Five things Friday roundup: springtime reflections

African man wearing white chef's hat scooping ice cream into a bowl. Peace Mennonite Church homemade ice cream booth. — Leann Augsburger

1. Homemade Ice Cream.

Our booth will serve a couple hundred dishes of vanilla this Saturday, May 20,  at the Southern California MCC Festival and Relief Sale. The long row of food booths draws people into queues of people tearing apart their tickets, hugging each other and talking in Spanish, Nigerian, French, Indonesian, Californian and blends of the above. Inside the gym, the silent auction is not silent, it is a place to meet, and in the distance the song of the auctioneer selling quilts and other desirables provides background. We are outside the fence most of the day, adding ice and salt to the four White Mountain freezers and listening for them to slow and signal that they are turning dense.  This, perhaps, is the most unifying conference event.  We find each other over shared pupusas, tacos, plantains, burgers, coffee, strawberry pie. funnel cakes, burritos and Menno-wurst. Did I mention our double vanilla with hot fudge topping?

2. Mother’s Day.

For some, the observance is always bittersweet. There is the sweetness of a special day to remember the parent who mothered us, the spouse who mothered our children, and the children that made us mothers, but for many, it is not an easy day. Who does not have friends for whom this day is a reminder of intense pain? It may dare us to face the tragedies of broken relationships, of missing children, of those taken by death. It may remind us of abusive, of abandoning or of unavailable parents. The day can be lonely and hurtful unless someone remembers and throws an arm around the shoulders, sends a note, or makes a call. Some churches hold a service of remembrance as healing for those who are still letting go (does it ever end?) of the past. It’s not too late to remember what the day may have cost for those you love. They will get it.

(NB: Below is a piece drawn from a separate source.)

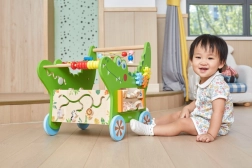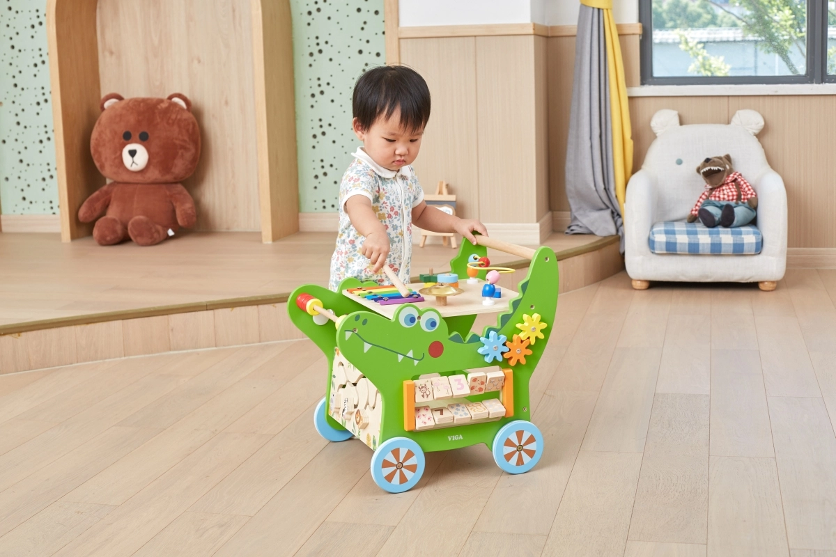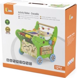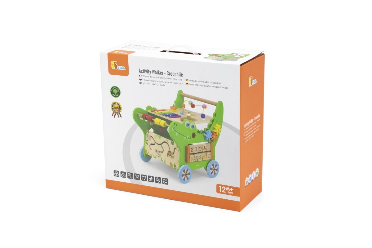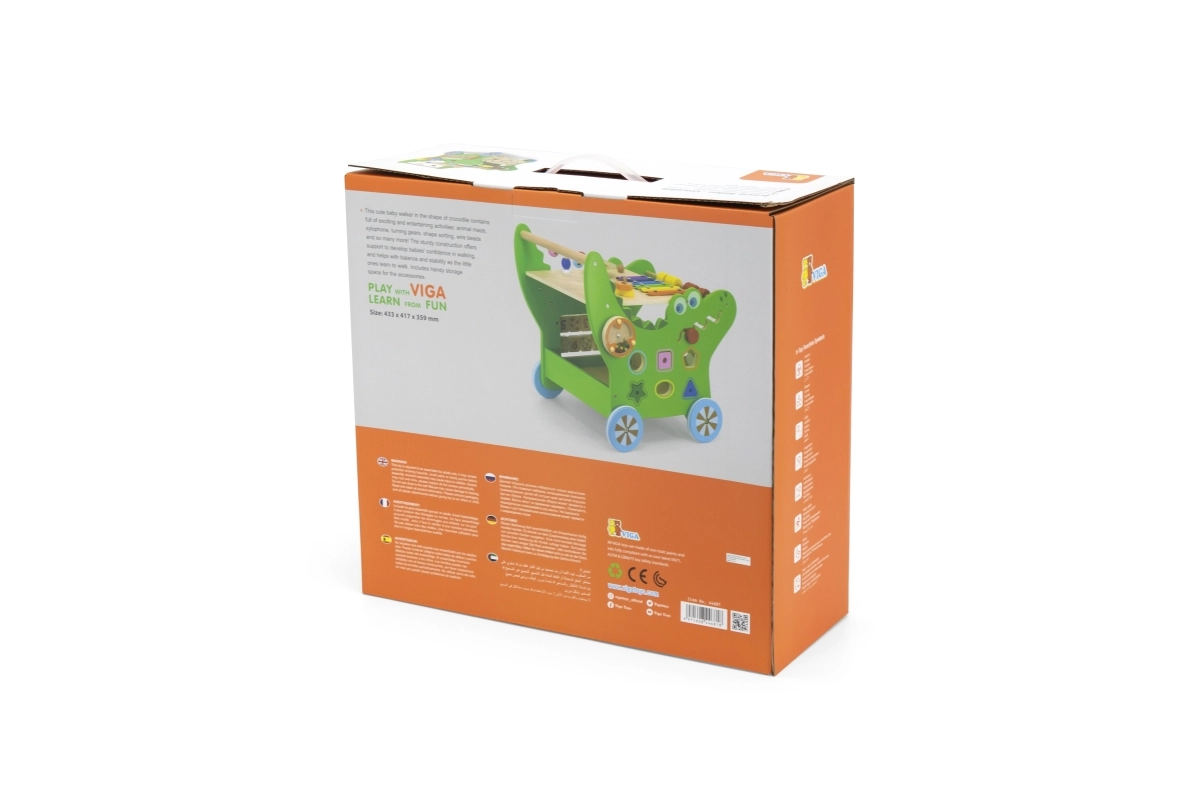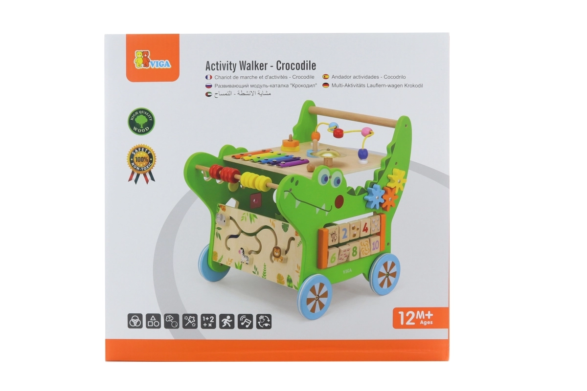 Puidust aktiivne kõndimisabi krokodill 12‑ühes VIGA on stabiilne abimees esimestele sammudele ning samal ajal rikkalik õppekeskus. Tugev konstruktsioon pakub kindlat tuge kõndimisel, samas kui mitmekesised tegevused arendavad meeli, motoorikat ja loovust. Tänu nutikale elementide paigutusele harjutavad lapsed värve, kujundeid ja esmast loendamist.

3. “Blessed are the rich, for they now own the Earth.”
“Blessed are the rich, for they now own the Earth” (apologies to Jesus). This is a topic we too rarely, if ever truly,  talk about. Add to your reading list the much lauded book  Poverty, by America by Princeton sociologist Matthew Desmond, who declares that the war on poverty is over and the rich won. We have devised our ways for the wealthy to exploit the masses and promote unending poverty. Desmond contrasts the American way of benefiting the rich as compared with other systems elsewhere in the world.  The book is not only worth thinking and conversing about with your peers; it invites you to ask what Jesus truly meant when he said, “The poor you will always have with you.” He could be the master of irony. 
4. Organ Recital.
Have you noted what we note? As our peers gather, regardless of the event or its scheduled agenda, before it begins, someone offers or asks for an update on health, medical appointments, personal crises, and the all-important roster of aches and pains. At Pilgrim Place, the ecumenical retirement home in Claremont Village, Calif.,  some wag calls this an Organ Recital. (Pause here for your chuckle.) For some, it is the necessary prelude before any thing else can claim our attention. For others, it is the main event. The fugue-like character of developing themes is surprising, indeed remarkable. There are events that can, do and should take precedence when we meet, but not all that passes for a common concern is always of common interest. So before I pull out the stops and tread the pedals . . . oh, did I mention I saw my doctor today?
5. It is Strawberry time.
We do not  forget to first toss them in a teaspoon of red wine vinegar, a couple tablespoons of sugar and a good dusting of finely ground black pepper, right? We do not forget to call them Milton’s Berries. On a visit to California by our late brother Dr. Milton Good and his wife, David’s sister Ann, we ended the day with a flat of berries from a field just down the road.

“I will do them the French way, with a sugar vinegrette and black pepper to enhance the flavor and the umami,” I announce.

“Oh no, you won’t,” Milton protested. “My bowl will have only sugar.”

So we served two bowls of sliced berries, but upon hearing his wife’s exclamations, he reached over and took a spoonful of hers, and then a second. Then he rose to his 6-feet, 4-inch height and picked up his serving bowl. “Come, show me what you did.” In a few minutes, we were all praising French cuisine. Of the hundred ways Milton lives on in our lives, isn’t it the spring berries that invariably bring him to our table? We do not truly lose those we love; we find a place for them in our souls that nothing can take away.